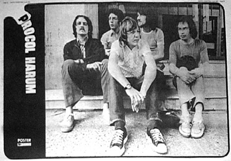A slightly tired-looking Procol in a French news poster from the end of the Trower period ... the bearded BJ period, in fact. L-R: Brooker, Reid, Trower, Wilson and Copping. |
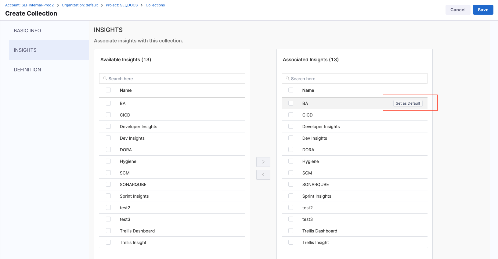 4. Select Set as Default to designate the default Insight for the Collection.
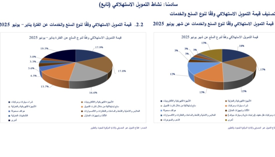 وأضاف خلال النصف الأول من 2025 استحوذ قطاع «شراء السيارات والمركبات» على نسبة 17.9% من قيمة التمويلات،تلاه في المرتبة الثانية «الأجهزة الكهربائية والالكترونيات» على نسبة 17.8% من إجمالي التمويلات
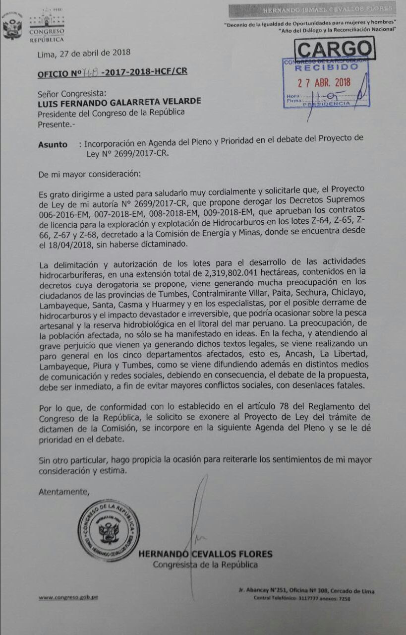 A través del oficio N° 768-2017, Cevallos solicitó dar prioridad al proyecto de ley N° 2699, que propone derogar los decretos 006-2016, 007-2018, 008-2018 y 009-2018, que aprueba los contratos de licencia para la exploración y explotación de hidrocarburos en los lotes Z-64, Z-65, Z-66, Z-67 y Z-68.
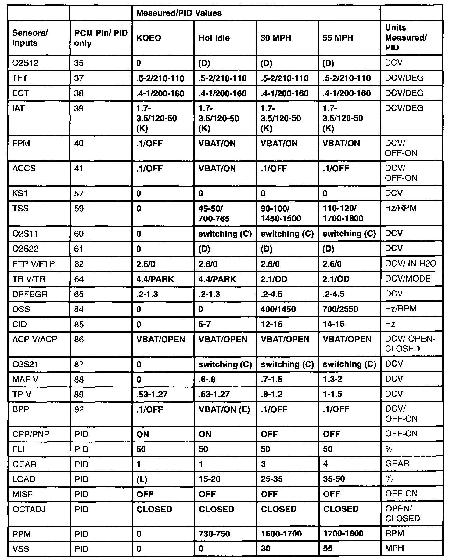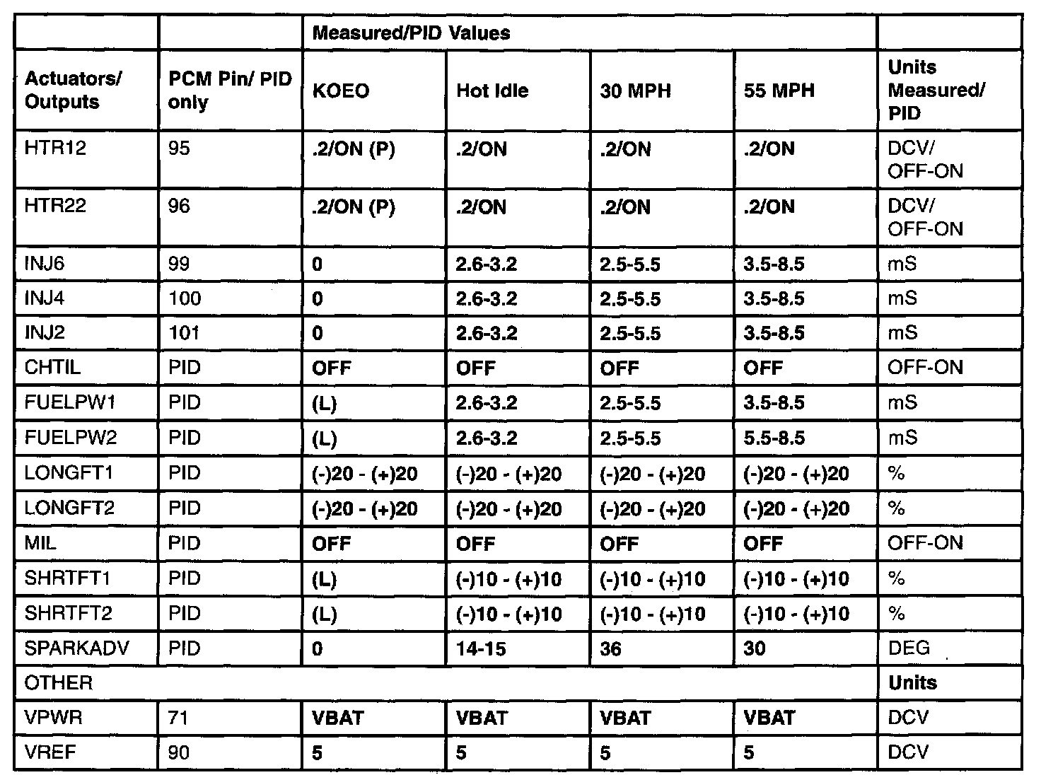 PID/Data Monitor Reference Value (3.0L A/T) Part 2:
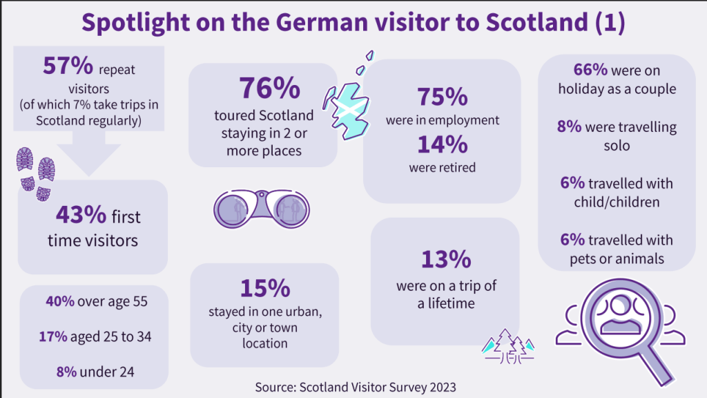 Germany remains the 2nd largest international source makret of tourism to Scotland, beat only by the USA, and accounts for 9% of overseas spend in Scotland. I have included some screenshots with additional information on the German tourist market to Scotland.
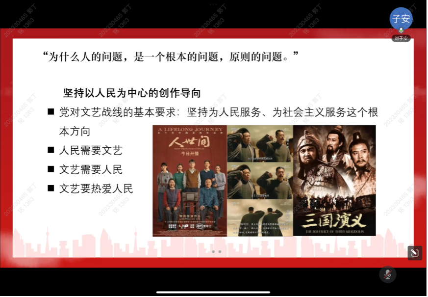 在閱讀《在文藝工作座談會上的講話》原文后,與會同志選擇了“創(chuàng)作無愧于時代的優(yōu)秀作品”和“堅持以人民為中心的創(chuàng)作導(dǎo)向”兩個問題進行深入研討。大家深刻認識到,文藝事業(yè)是黨和人民的重要事業(yè),文藝戰(zhàn)線是黨和人民的重要戰(zhàn)線。文藝是時代前進的號角,最能代表一個時代的風貌,最能引領(lǐng)一個時代的風氣。
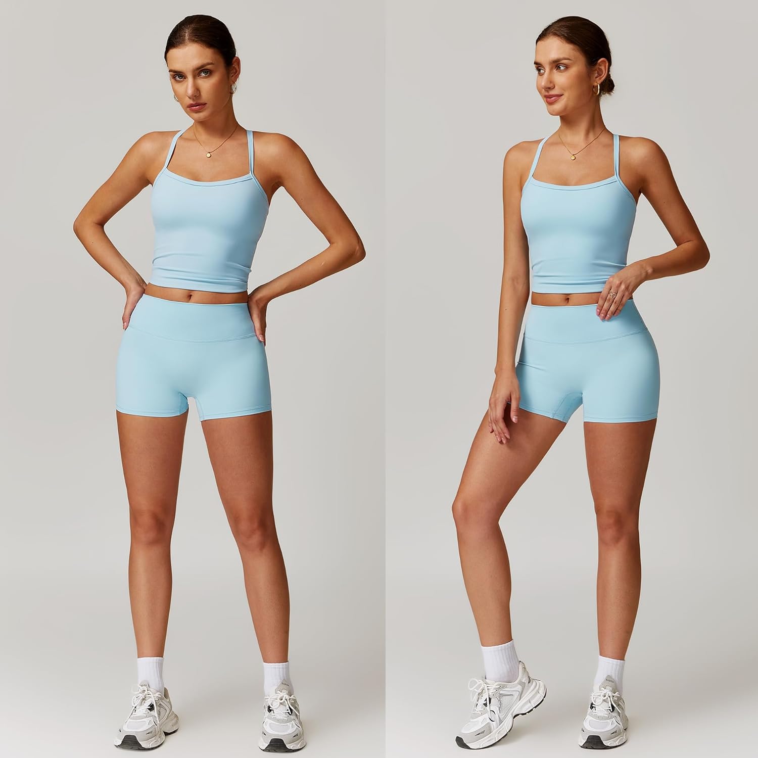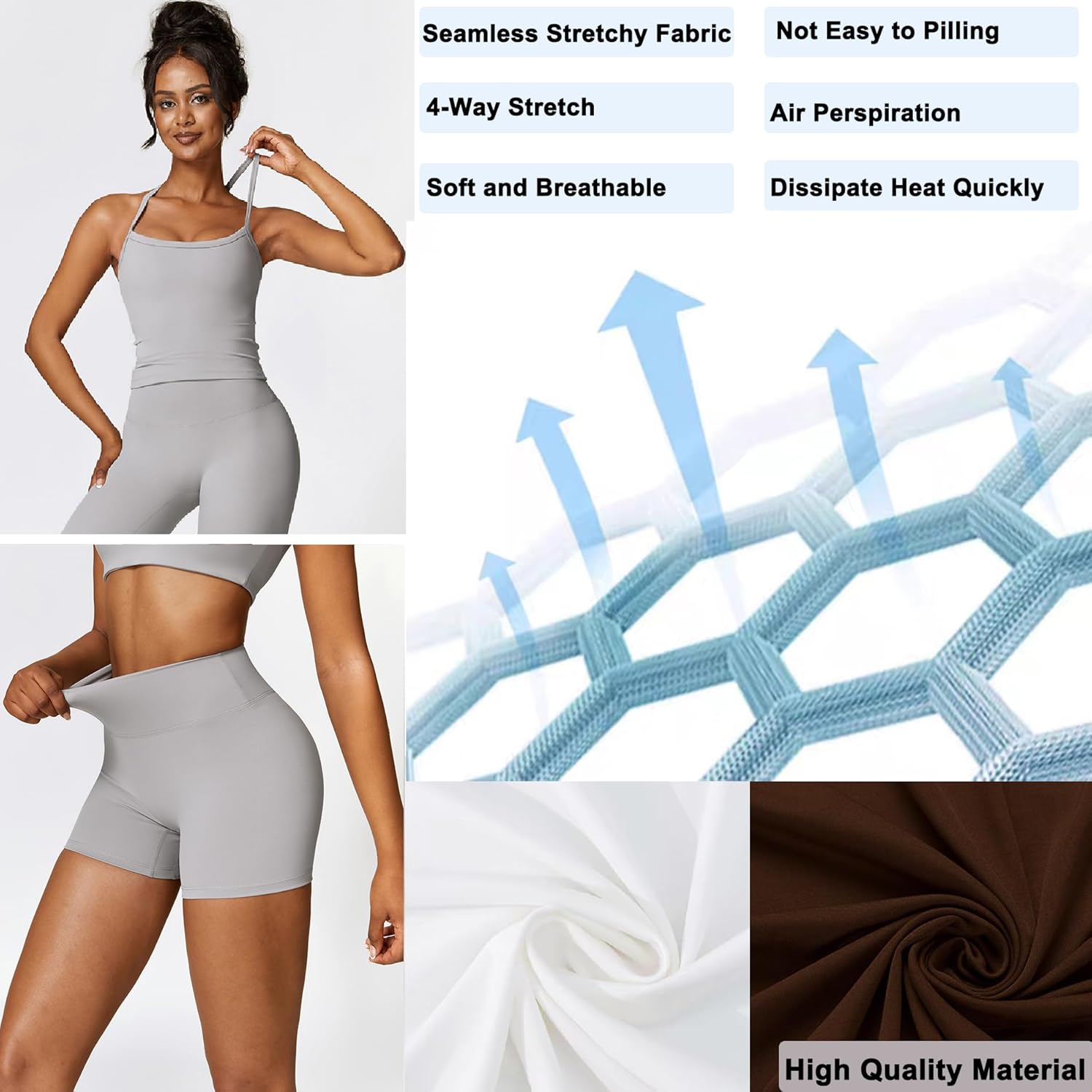 Women 2 Piece Workout Sets (2025 NEW) Yoga Outfit Open Back Tank Top High Waisted Shorts Gym Sets Tracksuits
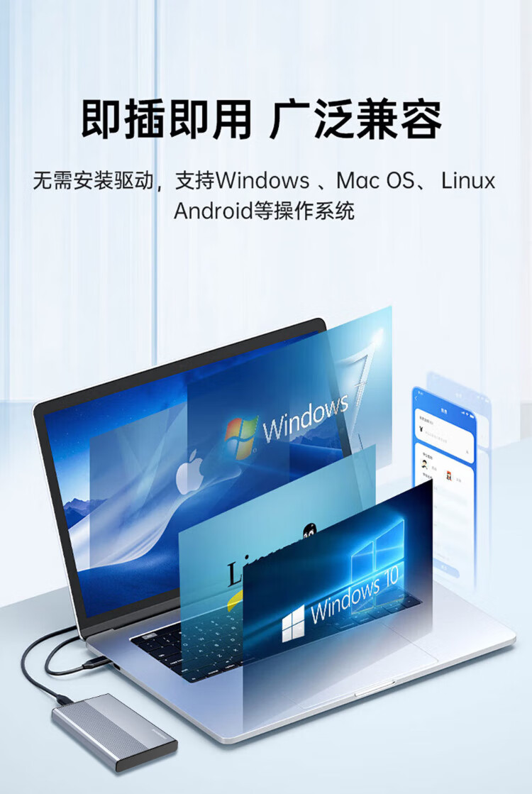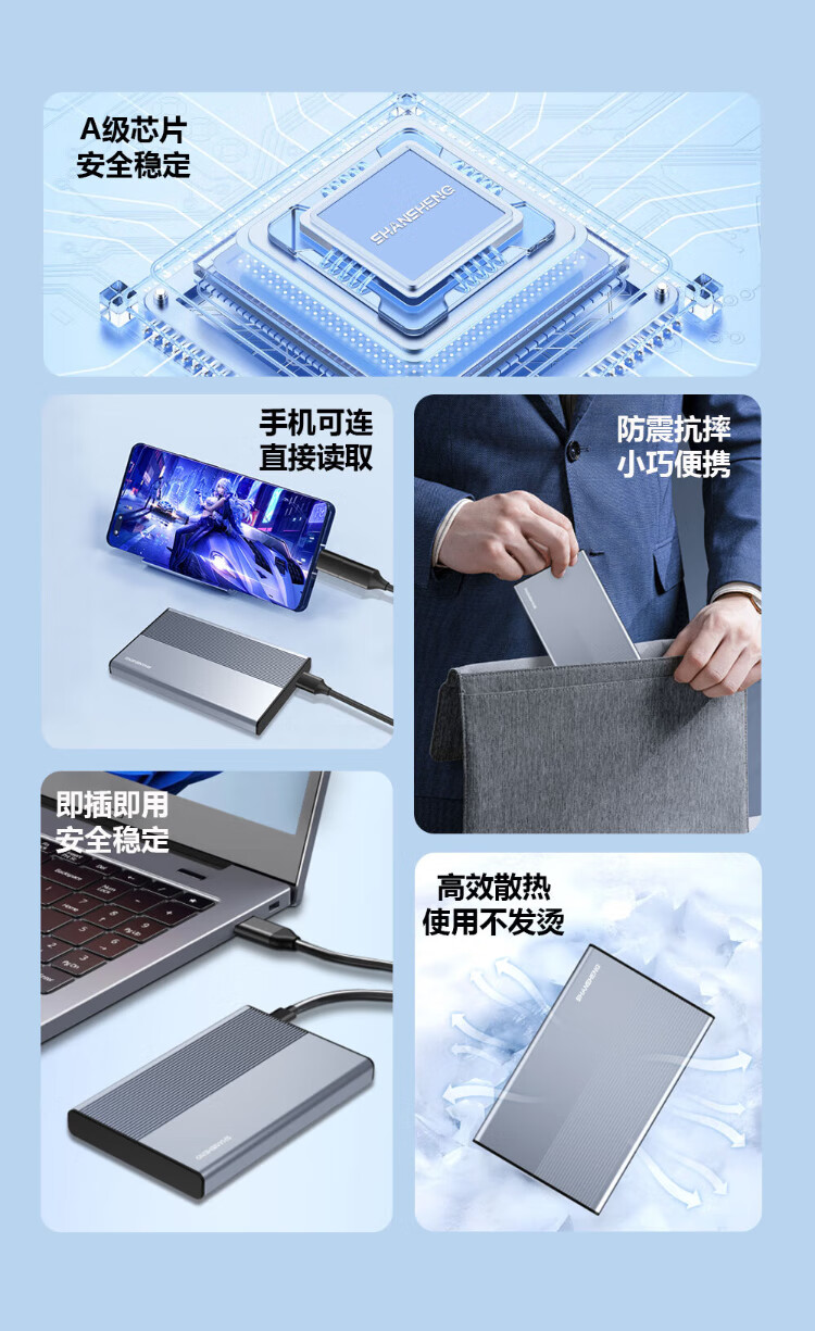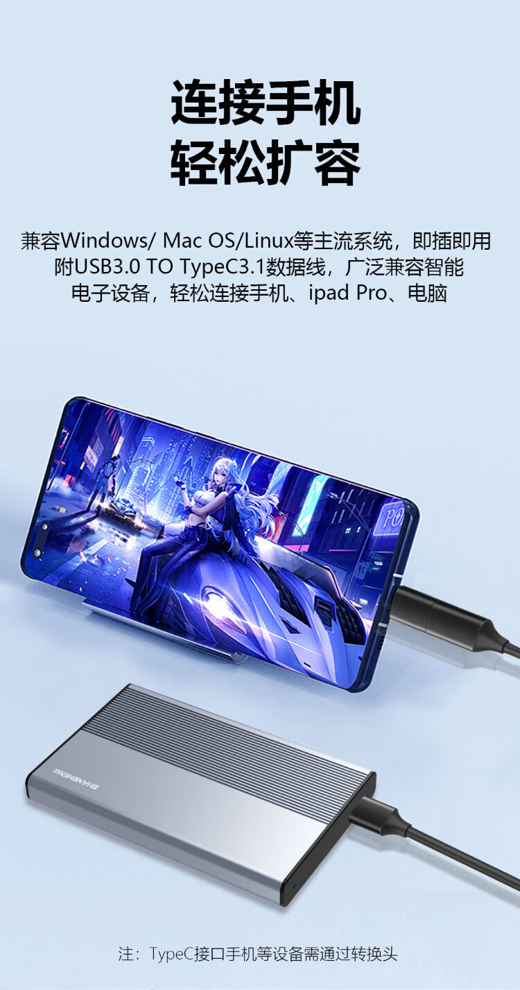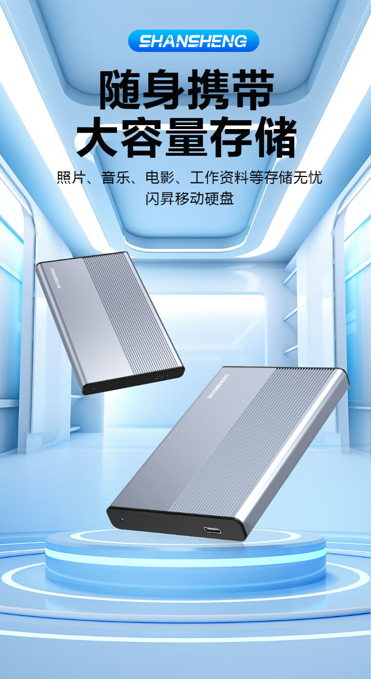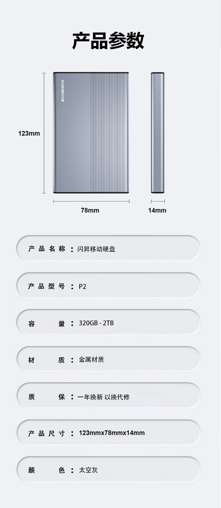 闪昇2TB移动硬盘Type-C金属高速硬盘2.5英寸P2外接电脑外置硬盘存储数据照片手机电脑两用270MB/S
====================
- Instructions to follow: In the answer, give only the lines from the one containing "A través del" through the end of the records above, each reproduced exactly. Include no pictures.

- Reply:
 A través del oficio N° 768-2017, Cevallos solicitó dar prioridad al proyecto de ley N° 2699, que propone derogar los decretos 006-2016, 007-2018, 008-2018 y 009-2018, que aprueba los contratos de licencia para la exploración y explotación de hidrocarburos en los lotes Z-64, Z-65, Z-66, Z-67 y Z-68.
 PID/Data Monitor Reference Value (3.0L A/T) Part 2:
 Germany remains the 2nd largest international source makret of tourism to Scotland, beat only by the USA, and accounts for 9% of overseas spend in Scotland. I have included some screenshots with additional information on the German tourist market to Scotland.
 在閱讀《在文藝工作座談會上的講話》原文后,與會同志選擇了“創(chuàng)作無愧于時代的優(yōu)秀作品”和“堅持以人民為中心的創(chuàng)作導(dǎo)向”兩個問題進行深入研討。大家深刻認識到,文藝事業(yè)是黨和人民的重要事業(yè),文藝戰(zhàn)線是黨和人民的重要戰(zhàn)線。文藝是時代前進的號角,最能代表一個時代的風貌,最能引領(lǐng)一個時代的風氣。
 Women 2 Piece Workout Sets (2025 NEW) Yoga Outfit Open Back Tank Top High Waisted Shorts Gym Sets Tracksuits
 闪昇2TB移动硬盘Type-C金属高速硬盘2.5英寸P2外接电脑外置硬盘存储数据照片手机电脑两用270MB/S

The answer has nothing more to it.